Jedem Anfang wohnt ein Zauber inne, der uns beschützt und der uns hilft zu leben, schrieb Hermann Hesse. Und es gibt Zeiten, in denen wir besonders empfänglich sind für diesen Zauber. Der Advent ist so eine Zeit. Anfang eines neuen Kirchenjahres. Das Licht scheint in der Finsternis, heißt es im Johannesevangelium. Gott kommt in die Welt. Die wartet. Der erste Adventskranz bestand aus einem Wagenrad, auf dem 4 große weiße und 20 kleine rote Kerzen angebracht waren. Er leuchtete im „Rauhen Haus“, einem Heim für Kinder, die Pastor Wichern von der Straße oder aus ärmlichsten Unterkünften geholt hatte, um ihnen ein menschenwürdiges Zuhause zu geben. Sie erlebten mit großen staunenden Augen, wie es mit jeder entzündeten Kerze heller und wärmer wurde. Eigentlich ein wunderschönes Bild dafür, dass auch im Leben dieser Kinder die Dunkelheit langsam weichen musste. Sie entdeckten sich als Menschen, geborgen und geliebt, begabt und in die Welt gesandt.

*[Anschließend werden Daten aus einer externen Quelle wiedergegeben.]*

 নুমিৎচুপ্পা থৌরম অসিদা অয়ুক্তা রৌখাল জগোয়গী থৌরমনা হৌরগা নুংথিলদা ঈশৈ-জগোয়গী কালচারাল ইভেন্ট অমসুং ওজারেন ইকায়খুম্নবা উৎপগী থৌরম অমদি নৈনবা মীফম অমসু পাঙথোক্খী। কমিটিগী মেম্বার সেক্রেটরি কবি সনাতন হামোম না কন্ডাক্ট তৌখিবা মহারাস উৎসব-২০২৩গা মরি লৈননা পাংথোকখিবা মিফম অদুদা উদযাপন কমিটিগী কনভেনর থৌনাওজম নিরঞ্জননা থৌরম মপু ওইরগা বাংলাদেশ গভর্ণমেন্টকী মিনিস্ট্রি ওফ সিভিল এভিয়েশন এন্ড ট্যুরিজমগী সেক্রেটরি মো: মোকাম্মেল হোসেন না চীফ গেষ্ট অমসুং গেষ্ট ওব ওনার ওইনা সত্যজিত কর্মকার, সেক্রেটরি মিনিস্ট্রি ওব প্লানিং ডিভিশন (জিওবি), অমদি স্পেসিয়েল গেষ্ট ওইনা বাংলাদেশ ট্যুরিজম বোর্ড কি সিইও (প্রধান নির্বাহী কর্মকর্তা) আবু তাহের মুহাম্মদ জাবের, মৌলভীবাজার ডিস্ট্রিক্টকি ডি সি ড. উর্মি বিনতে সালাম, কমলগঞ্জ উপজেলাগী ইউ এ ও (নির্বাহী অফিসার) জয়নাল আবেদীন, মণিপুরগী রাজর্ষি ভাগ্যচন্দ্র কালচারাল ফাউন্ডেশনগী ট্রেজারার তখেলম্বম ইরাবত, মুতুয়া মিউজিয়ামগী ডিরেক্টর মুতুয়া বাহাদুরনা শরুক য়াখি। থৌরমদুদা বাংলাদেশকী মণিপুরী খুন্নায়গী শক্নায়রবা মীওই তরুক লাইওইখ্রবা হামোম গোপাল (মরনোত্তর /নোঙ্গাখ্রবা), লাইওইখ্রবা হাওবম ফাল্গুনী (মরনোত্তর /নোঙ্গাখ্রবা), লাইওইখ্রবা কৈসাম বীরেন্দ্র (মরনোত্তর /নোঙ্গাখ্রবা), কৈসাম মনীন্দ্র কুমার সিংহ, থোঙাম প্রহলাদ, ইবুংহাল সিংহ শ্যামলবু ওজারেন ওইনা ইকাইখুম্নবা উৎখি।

Sie werden diese zauberhaften Lichtmomente sicher nie mehr vergessen haben. Glücklich der Mensch, dem solche heilenden Bilder einmal geschenkt wurden. Denn sie können immer wieder aufsteigen aus den Tiefen der Erinnerung und ihre Lichtkraft entfalten.
Ein Heiliger Abend. Vor Corona. Der erste Gottesdienst dieses Tages wird in unserem örtlichen Pflegeheim gefeiert. Der Posaunenchor spielt und am Ende verteilen die Konfirmanden kleine Präsente an die Bewohner. Für die Jugendlichen ist es eine besondere Erfahrung. Und man merkt es ihnen an. Sie sind getroffen von dem, was sie sehen.

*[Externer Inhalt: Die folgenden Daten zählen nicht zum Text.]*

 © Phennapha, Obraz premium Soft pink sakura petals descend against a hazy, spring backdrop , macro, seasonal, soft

Da ist eine alte Frau. Zusammengesunken auf ihrem Stuhl und scheinbar teilnahmslos erlebt sie den Gottesdienst. Ein Mädchen tritt zu ihr. Verlegen und ratlos sieht sie aus. Was soll ich tun – diese Frage steht ihr ins Gesicht geschrieben. Dann fasst sie sich ein Herz. Oder vielleicht sollte ich sagen: hört sie auf ihr Herz. Sie nimmt vorsichtig, fast zärtlich, die Hand der alten Frau. Und legt behutsam das kleine Präsent hinein. Die alte Frau hebt den Kopf. Überrascht sieht sie aus, nicht erschrocken. Als hätte es lange schon auf diese Gelegenheit gewartet, erscheint ein Lächeln auf ihrem Gesicht: „Danke“, sagt sie. Ich habe diesen Moment noch heute greifbar vor Augen. Bezaubernd menschlich war er, Und hat sich eingeprägt. Nach den Weihnachtsferien haben die Konfirmanden Gelegenheit zu erzählen - von ihren Erfahrungen am Heiligen Abend im Pflegeheim. Und vieles ist noch präsent. Lebt auf der Seele. Das Mädchen erzählt, als die alte Frau sie anlächelte, sei es ihr ganz warm geworden. „Da oben“, sagte sie und legt die Hand auf ihr Herz.
Ich glaube, wir Menschen spüren sehr genau, wo und wann wir unserer eigentlichen Bestimmung ganz nahe kommen. Das sind dann die Momente, die bezaubern. Die bestärken und ermutigen. Uns daran erinnern, was in uns steckt. Denn wie sagte Jesus, der Mann aus Nazareth: Ihr seid das Licht der Welt.